I want to keep rows based on the list of values in my column. I have a list of 100 values that I want to check in my column. If the row satisfies one of the 100 values then I want to keep that row. I try using the prepare recipe using the filter data processor with the filter rows/cell values. I don't want to enter 100 values on this processor. Is there a better way to provide the list in Dataiku?
Thanks for your help.
You can still use the filter processor, but instead of adding 100 values, you can add one regular expression and use the "Regular expression" match mode. The regular expression can be a pattern (if it can be defined based on the values you need to keep) or a simple list of all values separated by a pipe. Please find an example in the screenshot below.
I hope this helps.
hi @VitaliyD ,
Thank you for your response, I tried your suggestion however I am getting an error stating that
"Not supported settings for 'FilterOnValue' processor. Cannot use SQL engine : PATTERN string matching is not transferable.
I am running this HIVE engine if that helps
Please find the attached screen shot
Hi @aotearoanz ,
Another trick you might try is using a join to filter.

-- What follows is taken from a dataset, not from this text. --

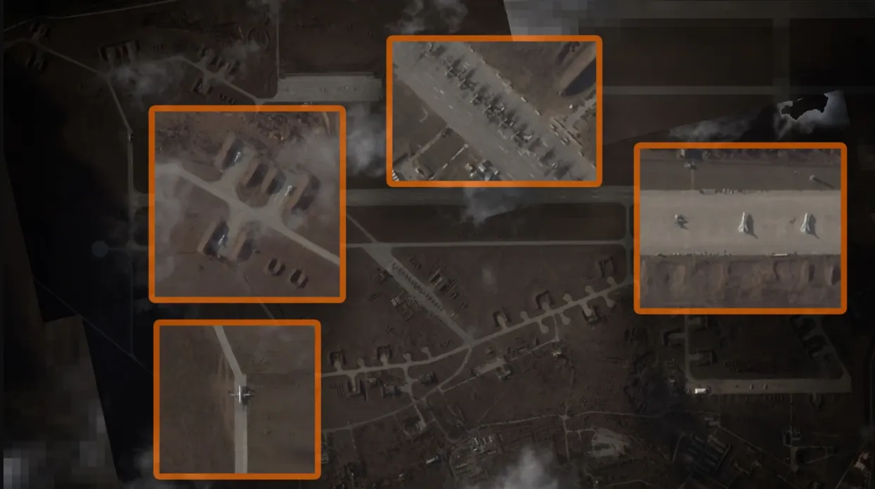 "И здесь мы видим стоянку, где размещены штурмовики и количество тоже видно. Часть очевидна в полете, потому что снимок сделан днем. Здесь очевидно часть боекомплекта возле них находится, и отсюда они вылетают тоже на юг Украины для ведения боевых действий", – заявил Денис. Томенчук.

This will work if your list of 100 values exists as a single column w/ 100 rows (you could create an editable dataset or upload a CSV, for example). You can then inner join that data set with the one you're trying to filter; this will filter out all of the rows that didn't get a match between both datasets.
This will be easier to maintain than a string of 100 values separated by a pipe in case the values you want to filter with change over time, but might not work depending on what you're trying to match. If you're looking to match a substring, you could also try doing this with the Fuzzy Join recipe (new in v9). Let us know how it goes!